What the exercise asks
Transcribe the material verbatim, starting at its first line and stopping once the line containing "Dittico pieghevole in" has been given; no picture should appear.

Exercise material
--*--

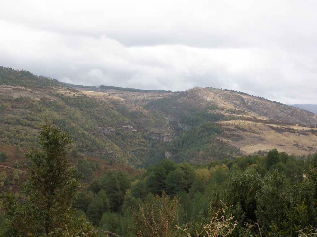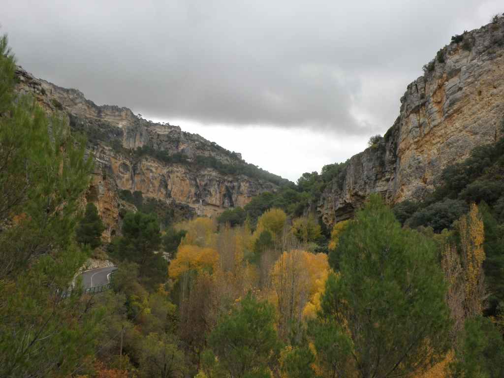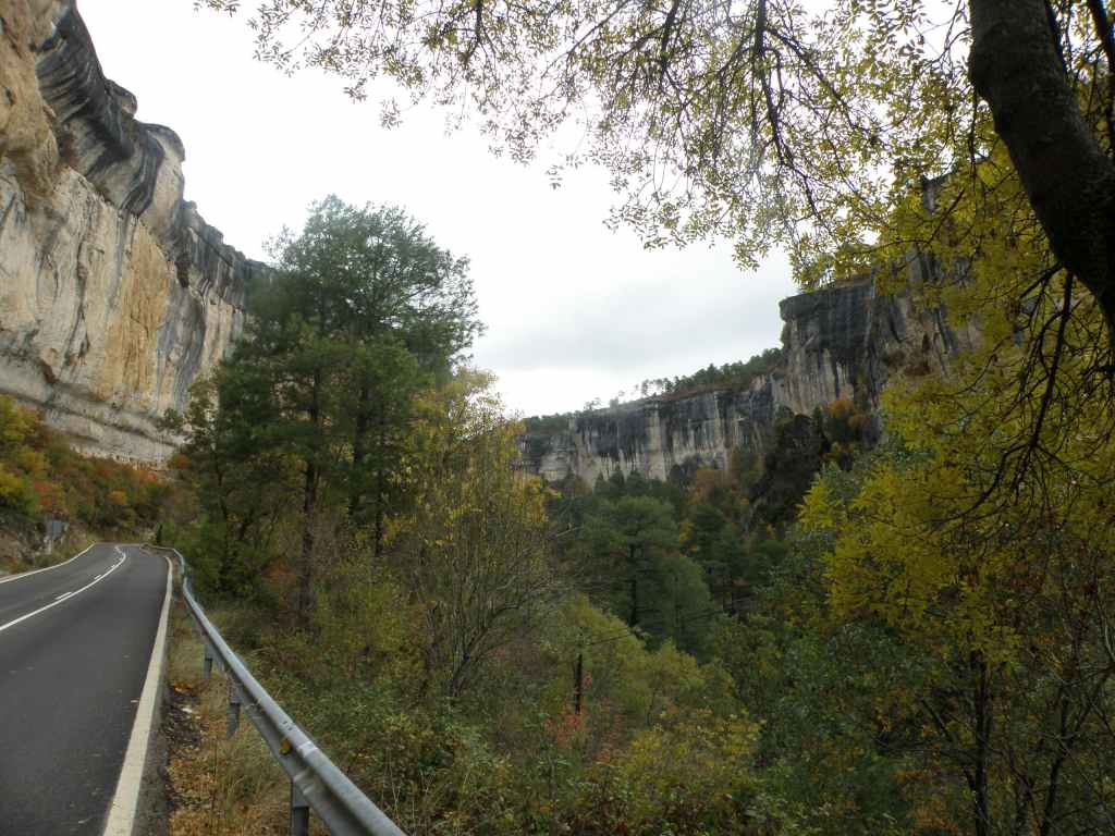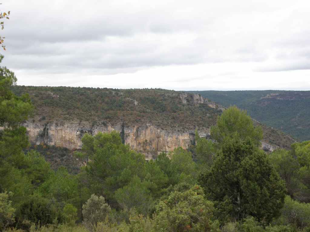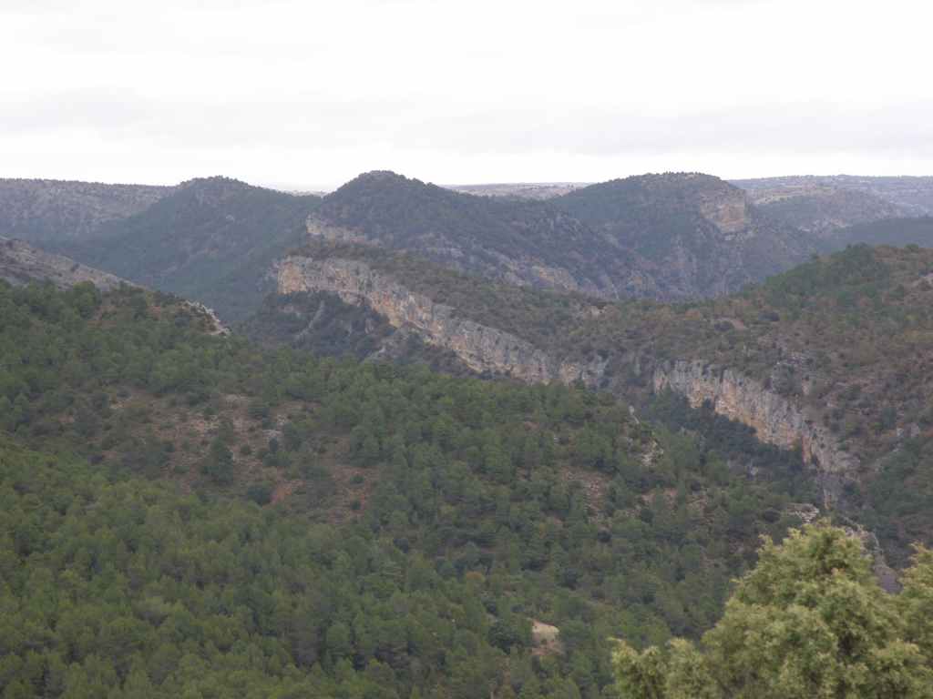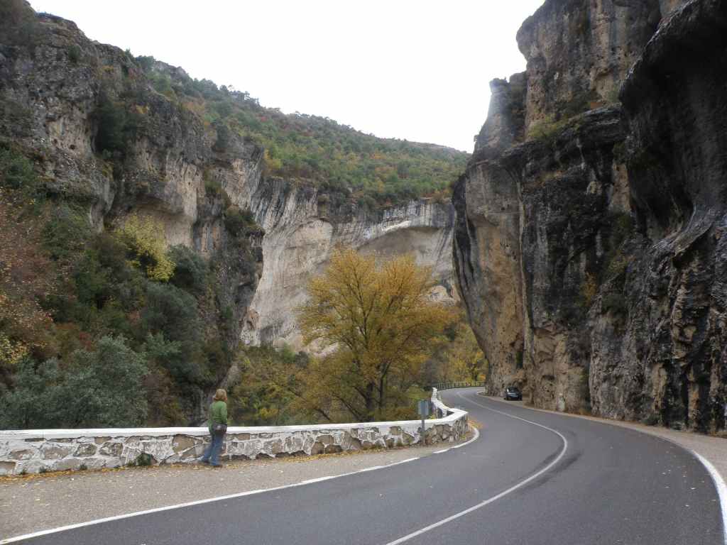 La pluie s’est calmée mais le ciel reste chargé toute la matinée. Nous avons prévu une excursion en voiture dans les montagnes à l’est de Sacedon : la Serrania de Cuenca. Le sommet culmine à 1839 m, mais nous n’irons pas jusque-là. Au pied de ce sommet nait le Tage (Tajo), un des plus gros fleuves d’Espagne. Nous faisons une petite halte dans le bourg de Priego puis empruntons les gorges d’Hoz de Beteta.
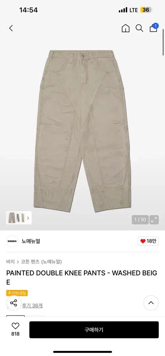 PAINTED DOUBLE KNEE PANTS ー WASHED BEIGE
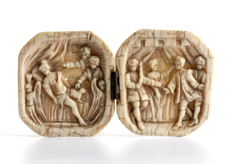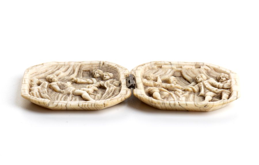 Dittico pieghevole in avorio Francia, Dieppe (?), XIX secolo Altezza x larghezza x profondità: 5 x 4,6 x 1,2 cm. Larghezza aperto: 9,2 cm.Peso: 22,4 gr
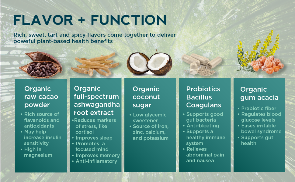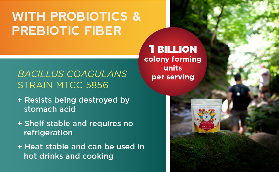 Note: The palm trees used for our coconut sugar are NOT from the ecosystem-damaging palm tree plantations that produce palm oil at the expense of valuable native forests around the tropics. - Prebiotic Fiber and Probiotics (Acacia Fiber and Bacillus coagulans, strain MTCC 5856): Each serving includes 1 billion CFUs of Bacillus coagulans, a probiotic strain that’s heat and shelf-stable. Combined with prebiotic fiber, it supports your body's natural digestive health.
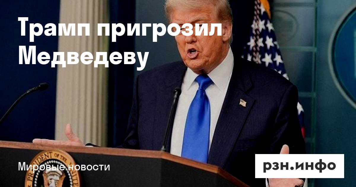 Президент США Дональд Трамп пригрозил зампреду Совбеза России Дмитрию Медведеву после слов об «игре ультиматумов». Об этом американский лидер написал в соцсети Truth Social, ИА «Регнум».
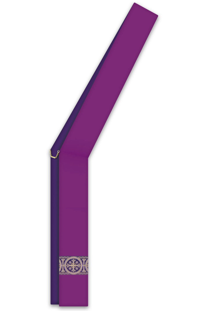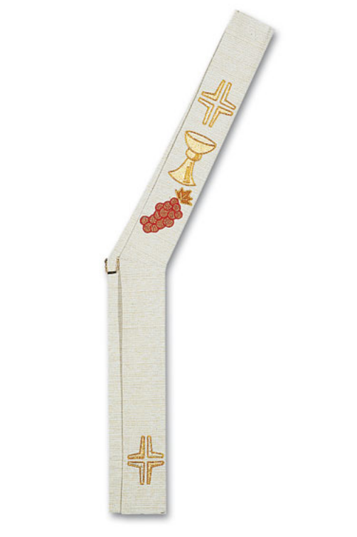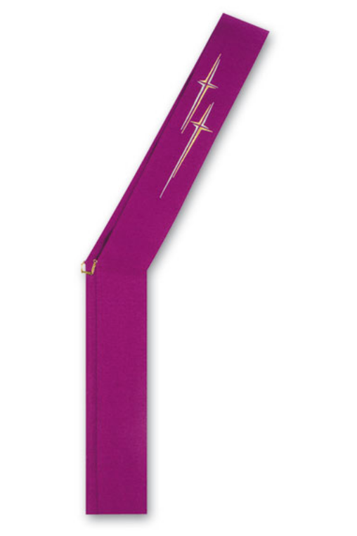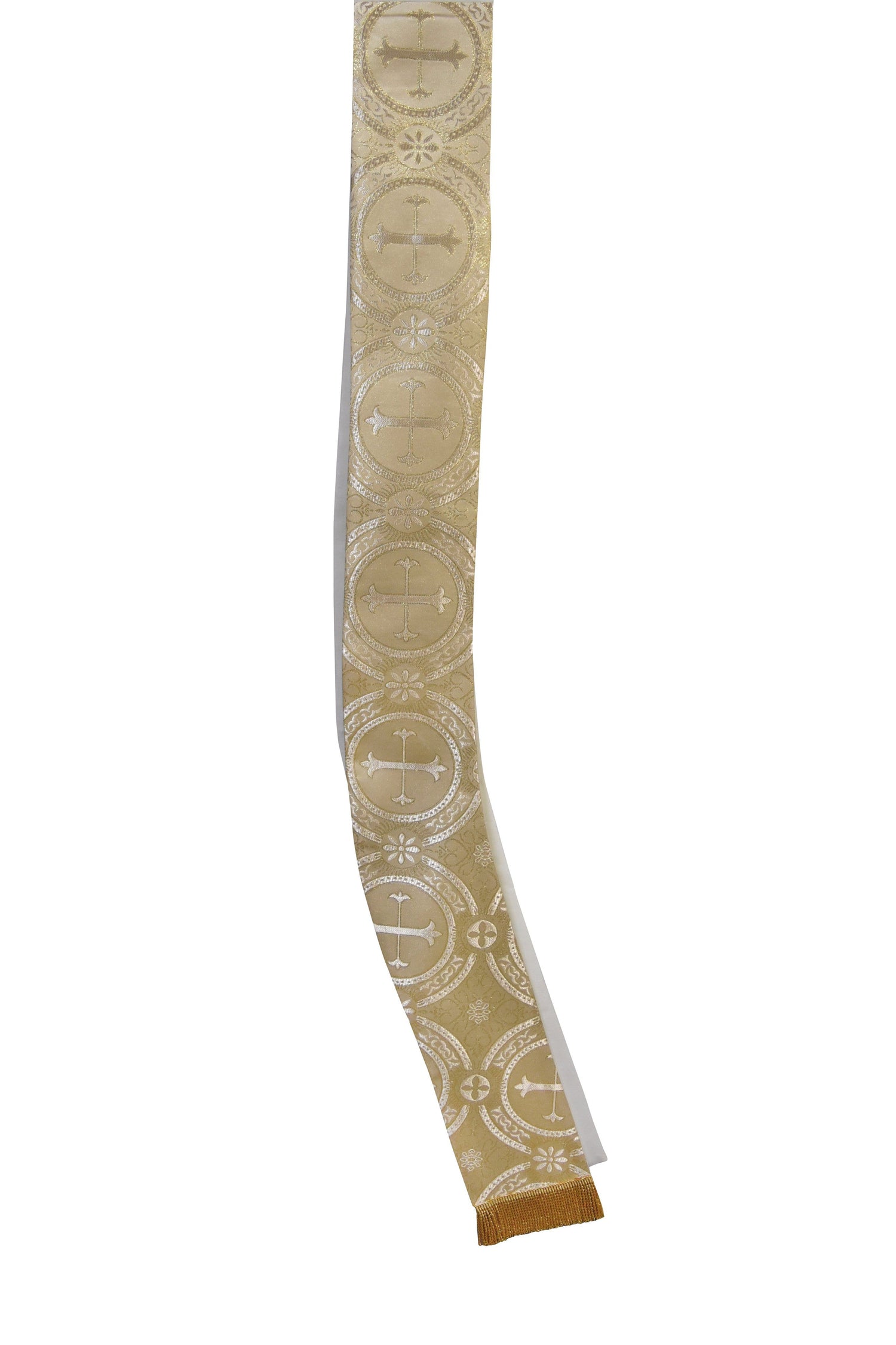 Unit price perDeacon stoles, style 34; with machine embroidered cross in gold threads; worn from left shoulder to right hip.
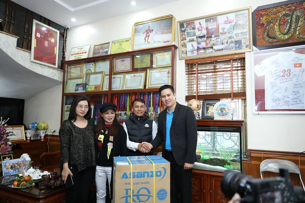 Bên cạnh Quang Hải, hai người con khác của huyện Đông Anh cũng góp mặt trong đội hình của đội tuyển Việt Nam tại giải AFF Cup lần này là Duy Mạnh (xã Liên Hà) và Huy Hùng (xã Dục Tú). Ngoài 30 máy cho các trường học, Tập đoàn Asanzo cũng trao tặng 3 máy lọc nước cho gia đình 3 cầu thủ, cùng một số máy khác cho các phòng ban trên địa bàn Huyện.
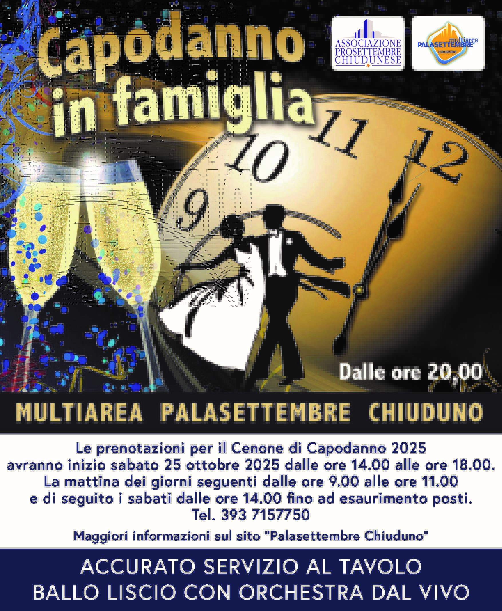 Festeggiate l’arrivo del nuovo anno al Palasettembre! Un evento pensato per tutta la famiglia, con servizio al tavolo, orchestra dal vivo e brindisi di mezzanotte.
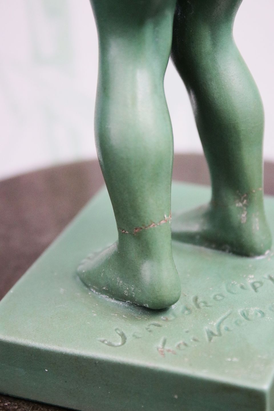 Kai Nielsen Venus figur i mørkegrøn glaseret terracotta.
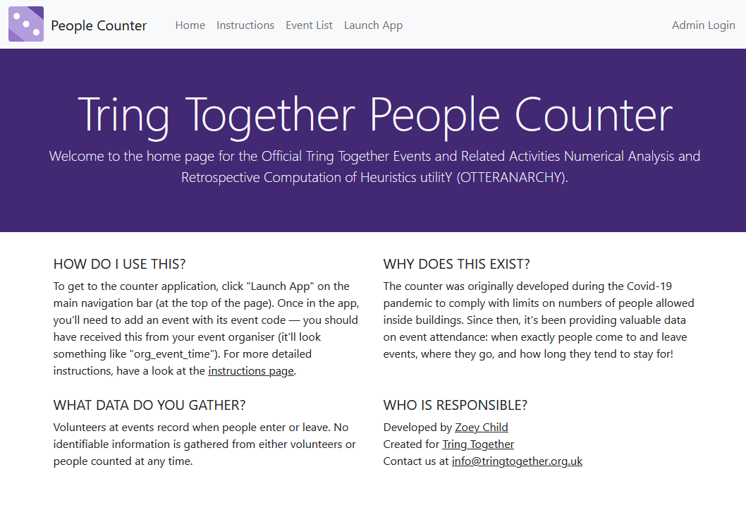 Following on from the Tring Together People Counter, the charity wanted a way for staff to manage the event details without having to go through me. We also decided to switch to a self-hosted model for the server rather than relying on Google after one event pushed us over the usage limit for our tier and the app stopped working mid-event.
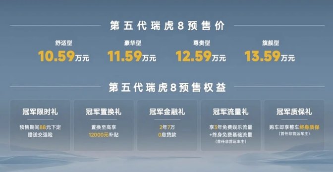 冠军基因+全域智能,第五代瑞虎8预售10.59万起
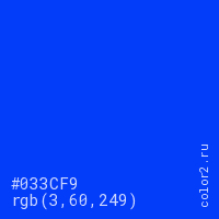 Цвет #033CF9 в цветовой модели RGB обозначается тремя октетами (3, 60, 249) в десятичном формате и #033CF9 в шестнадцатиричном (hex) формате, которые являются интенсивностью красного 3 (hex 03), интенсивность зелёного 60 (hex 3C) и интенсивность синего 249 (hex F9).
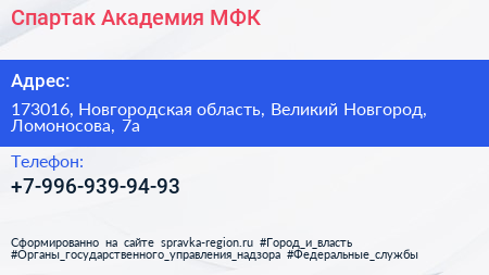 Спартак, Академия МФК по адресу 173016, Новгородская область, Великий Новгород, Ломоносова, 7а в дальнейшем Организация, размещена в следующих категориях:
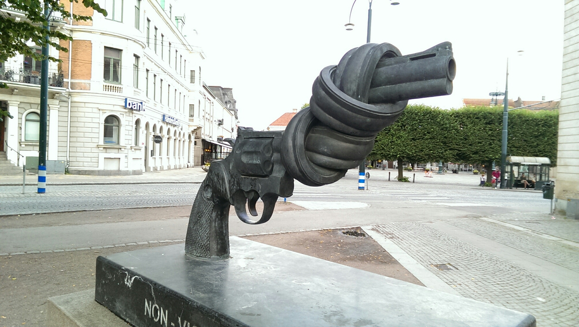 Neben dem Marktplatz ein Stück vom Park entfernt entdeckte ich eine der verknoteten Pistolen, von denen ich hier im Land bereits mehrere gesehen habe.
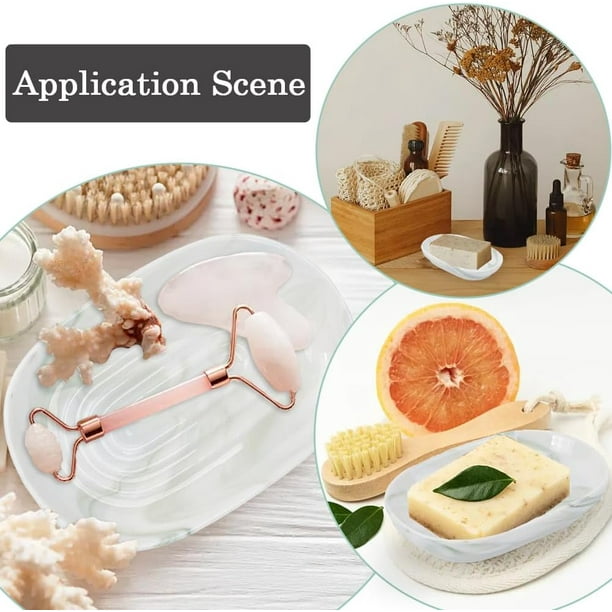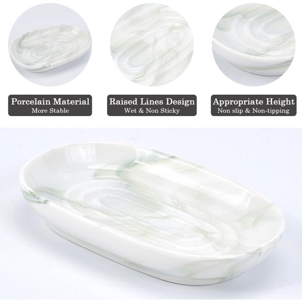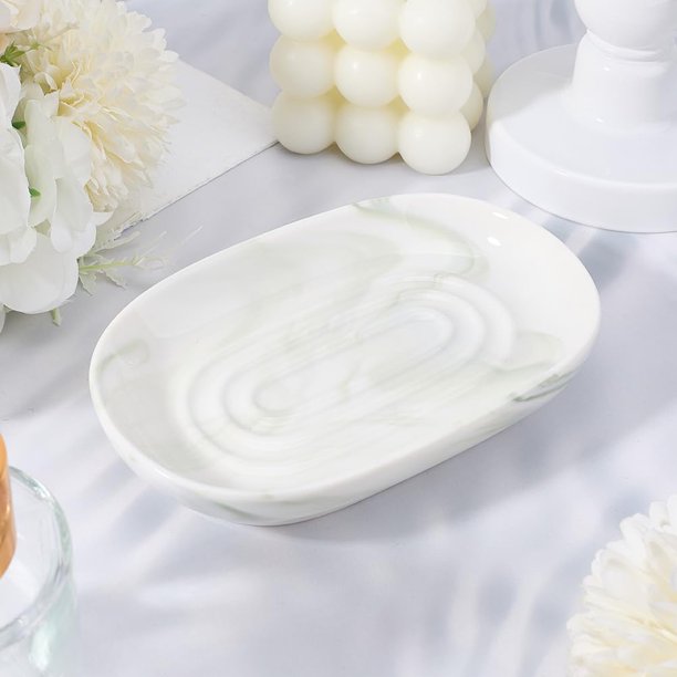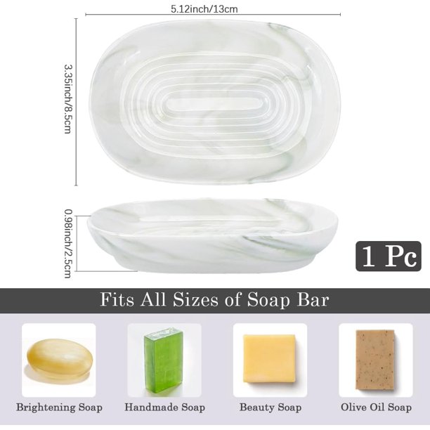 - Marble Textures Soap Dish: Each bar soap holder features a unique, handcrafted marble pattern, making it a stylish addition to your bathroom or kitchen. These soap dishes for bar soap are perfect for enhancing your daily routine with a touch of elegance and sophistication. They are the ideal soap dish for bathroom sink areas, offering a practical and elegant solution

--*--

Response below
 La pluie s’est calmée mais le ciel reste chargé toute la matinée. Nous avons prévu une excursion en voiture dans les montagnes à l’est de Sacedon : la Serrania de Cuenca. Le sommet culmine à 1839 m, mais nous n’irons pas jusque-là. Au pied de ce sommet nait le Tage (Tajo), un des plus gros fleuves d’Espagne. Nous faisons une petite halte dans le bourg de Priego puis empruntons les gorges d’Hoz de Beteta.
 PAINTED DOUBLE KNEE PANTS ー WASHED BEIGE
 Dittico pieghevole in avorio Francia, Dieppe (?), XIX secolo Altezza x larghezza x profondità: 5 x 4,6 x 1,2 cm. Larghezza aperto: 9,2 cm.Peso: 22,4 gr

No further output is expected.